Exercise objective:
Copy word for word the lines of the records below, beginning at the one with "- Allo scopo" and finishing at the one with "LIFULL HOME'S<", ends included, but none of the pictures.

Exercise materials:
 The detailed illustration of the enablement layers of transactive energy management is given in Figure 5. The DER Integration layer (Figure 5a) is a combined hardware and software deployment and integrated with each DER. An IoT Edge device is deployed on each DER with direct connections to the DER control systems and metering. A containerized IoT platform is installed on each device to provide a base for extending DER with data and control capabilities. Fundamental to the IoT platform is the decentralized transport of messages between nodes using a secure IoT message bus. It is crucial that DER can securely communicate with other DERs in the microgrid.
--
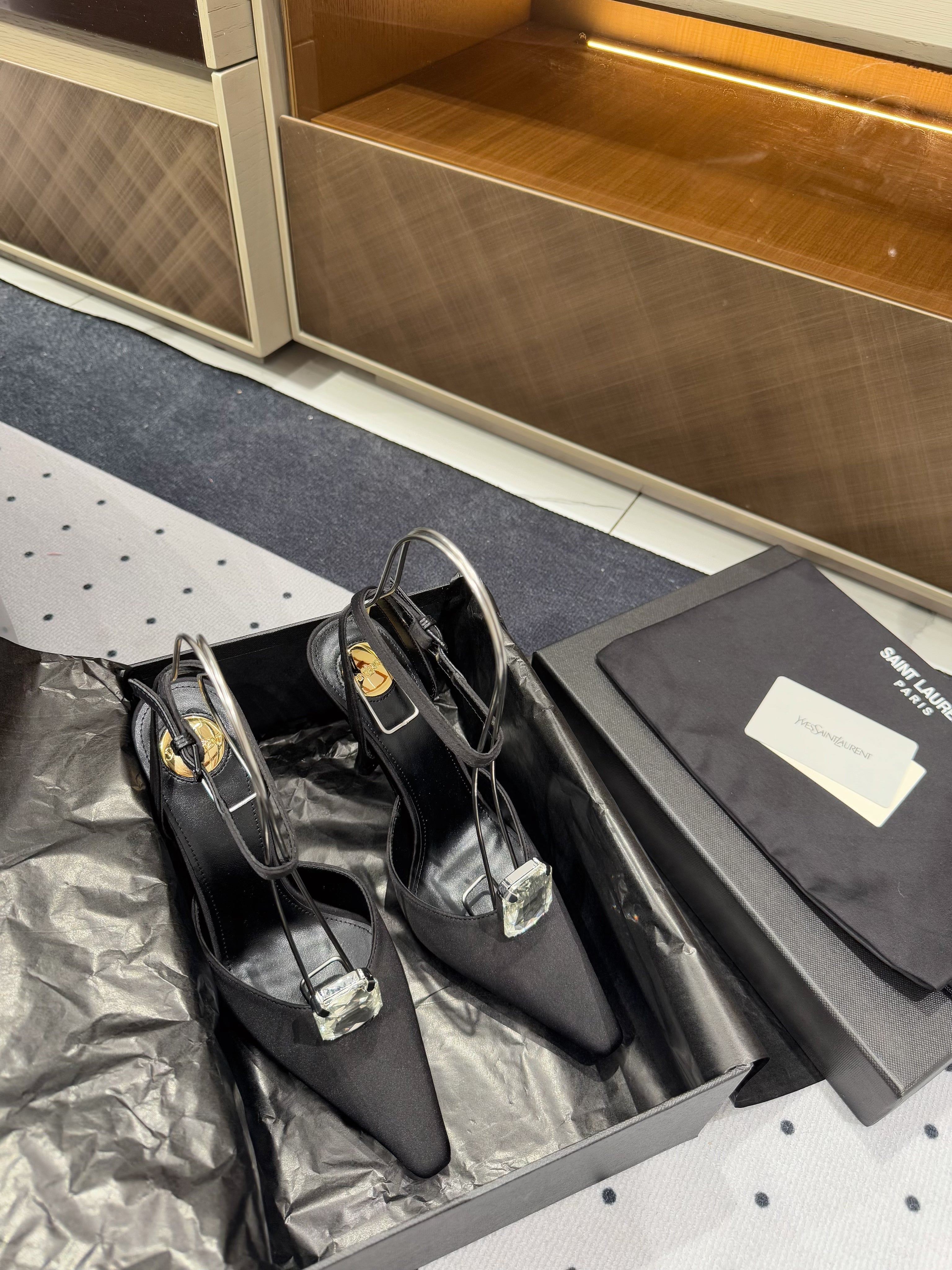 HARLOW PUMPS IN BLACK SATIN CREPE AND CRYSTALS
==
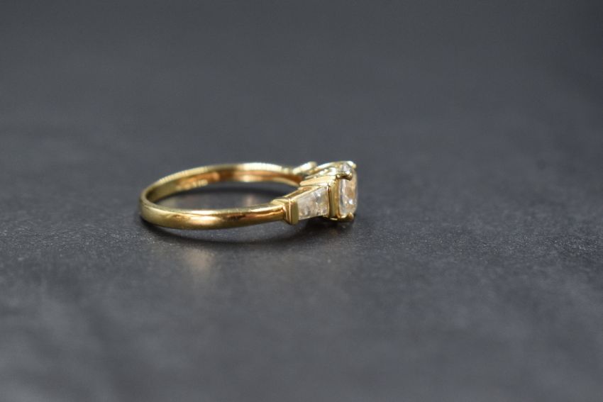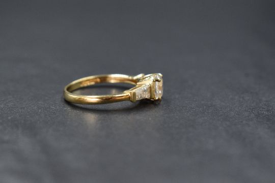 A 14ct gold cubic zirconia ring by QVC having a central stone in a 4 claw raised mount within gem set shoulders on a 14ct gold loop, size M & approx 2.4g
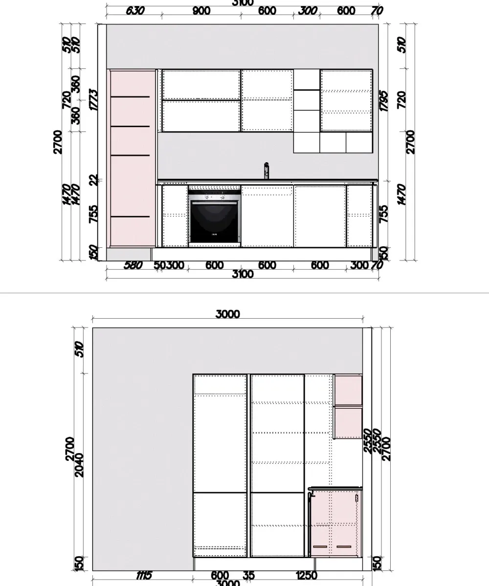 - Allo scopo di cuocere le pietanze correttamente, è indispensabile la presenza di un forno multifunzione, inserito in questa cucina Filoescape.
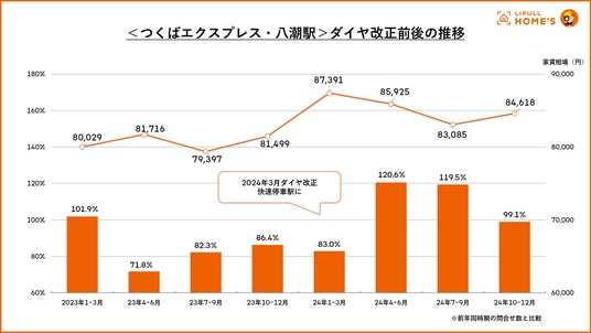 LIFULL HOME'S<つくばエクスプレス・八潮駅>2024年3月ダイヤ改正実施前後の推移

Exercise result:
 - Allo scopo di cuocere le pietanze correttamente, è indispensabile la presenza di un forno multifunzione, inserito in questa cucina Filoescape.
 LIFULL HOME'S<つくばエクスプレス・八潮駅>2024年3月ダイヤ改正実施前後の推移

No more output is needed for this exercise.